Flags of My Birthrights - Pride Flag 2

Flags of My Birthrights – Pride Flag

I firmly believe that people who happen to be gay who wish to parent a child, or children, should certainly be free to do so, but I am hesitant to have my civil liberties and freedoms predicated on the idea of “family” having to include offspring.  My husband and I have ZERO desire to have children and yet I would argue that we constitute a family in every other way, or in exactly the way that a married heterosexual couple with no children is considered a family.

Who we choose to have sex with is, essentially, the defining characteristic of what it means to be gay.  I prefer to stretch that definition to include whom we also fall in love with, because certainly in my life, the romantic and the sexual have been heavily, although not always, intertwined, and I would argue that this is true for most people.  I find it saddening and hypocritical that the gay movement has chosen to ignore the most essential difference in order to gain acceptance at the cost of neutered identity, as if to suggest that even gay folk find our sexuality too abhorrent to openly admit, further legitimizing our stigmatization in the wider world.  But, just my humble opinion, but since it is my blog, I say what I want, to paraphrase Eric Cartman of South Park fame.

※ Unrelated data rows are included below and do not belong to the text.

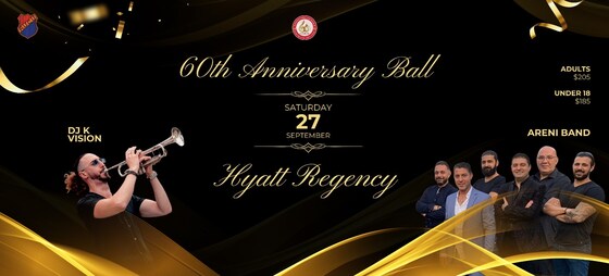 You are warmly invited to the Homenetmen Antranig 60th Anniversary Gala, a night of glamour and community at the stunning Hyatt Regency Sydney. Join our cherished Homenetmen family as we pay tribute to the countless members and families whose dedication has shaped six incredible decades of our history. This commemorative evening will be a heartfelt tribute to our shared legacy and a toast to our bright future. Prepare for an unforgettable evening of entertainment, featuring the classic and beloved favourites, Areni Band. Adding a contemporary edge, DJ K Vision will be bringing his signature funky spice to ensure the celebration continues all night long. Let's raise a glass to 60 years of achievement. We can't wait to celebrate this significant milestone with you. To book your table for 10 and be part of this landmark occasion, please contact us using this form.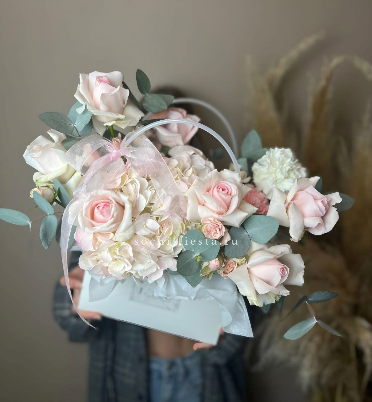 гортензия, розовые розы, пионовидные розы, диантус, эвкалипт, лента, сумка-кашпо.
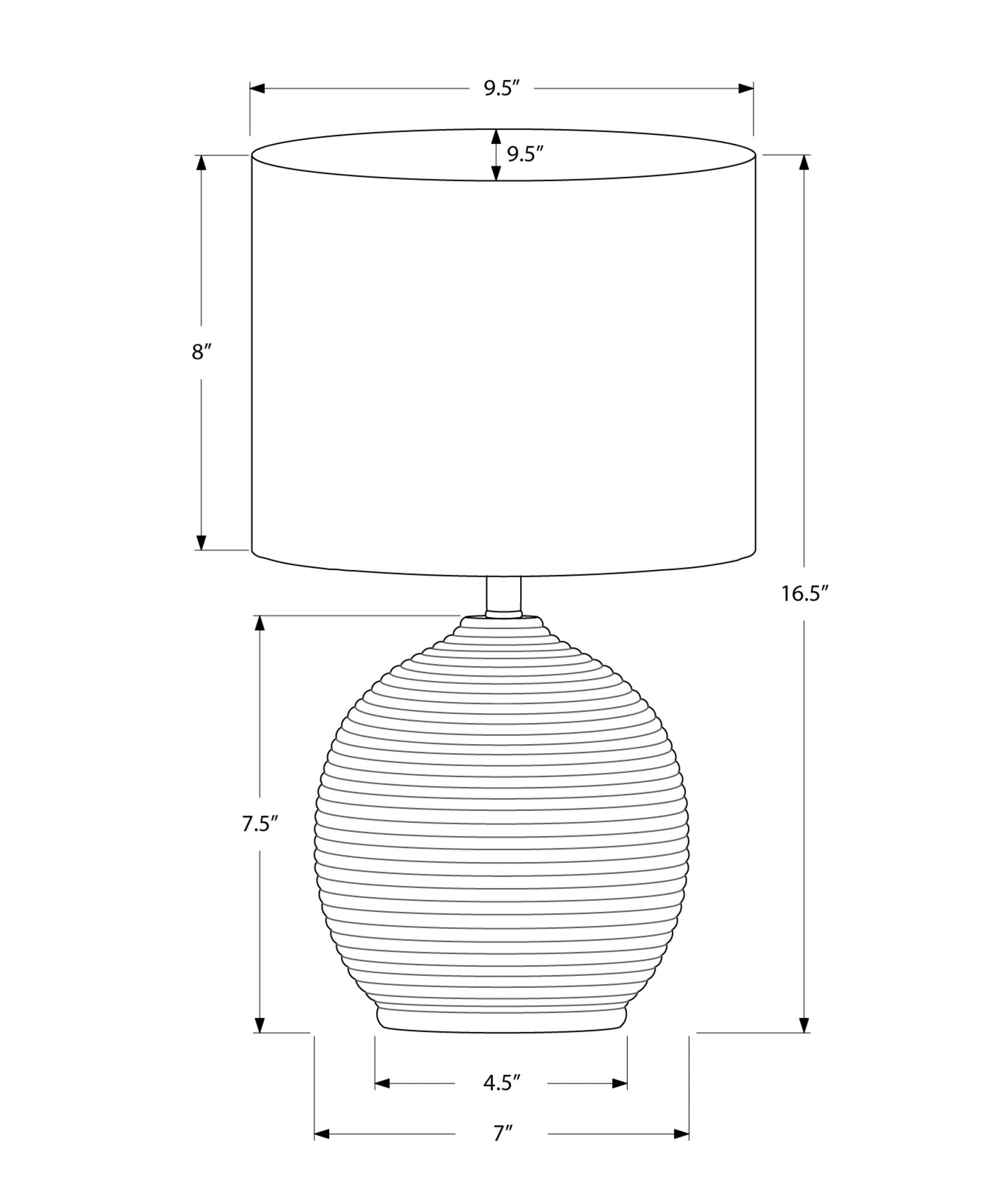 • Product Dimensions: Overall dimensions are 9.5" L x 9.5" W x 16" H with a base of 7" L x 7" W x 7.5" H and a shade of 9.5" L x 9.5" W x 8" H.

Flags of My Birthrights - Pride Flag 3
Eric Cartman

 

Coincidentally, this seven stripe version of the flag remains almost impossible to source.  I have looked far and wide and cannot locate a vendor for this product.  If any reader knows of a source I would be happy to hear of it.

The seven stripe version was very short lived and perhaps that explains the impossibility of obtaining one.  After less than a year, the Rainbow Pride Flag was modified yet again to the current six stripe version.

Flags of My Birthrights - Pride Flag 4
Current Six Stripe Gay Pride Flag

 

The turquoise stripe was eliminated because in planning to hang the flag vertically from lamp posts on San Francisco’s Market Street in 1979 it was discovered that one stripe would be hidden, or the flags would have to be displayed unevenly, with one side featuring three stripes and the other four.  To solve this dilemma, the turquoise stripe was eliminated.

I admit that I am not heartbroken about this change.  I fail to understand what “magic/art” have to do with being gay other to further stereotypical ideas about what it means to be gay.  I don’t believe in magic, or faeries, and I am not a bit artistic.  But then again, I don’t necessarily identify with most of other other colors either, so perhaps the flag is best taken as a whole symbol other than as individual parts.

While the six stripe Gay Pride Flag has been more or less the “official” version since 1979, times change and the symbol continues to be modified in various ways.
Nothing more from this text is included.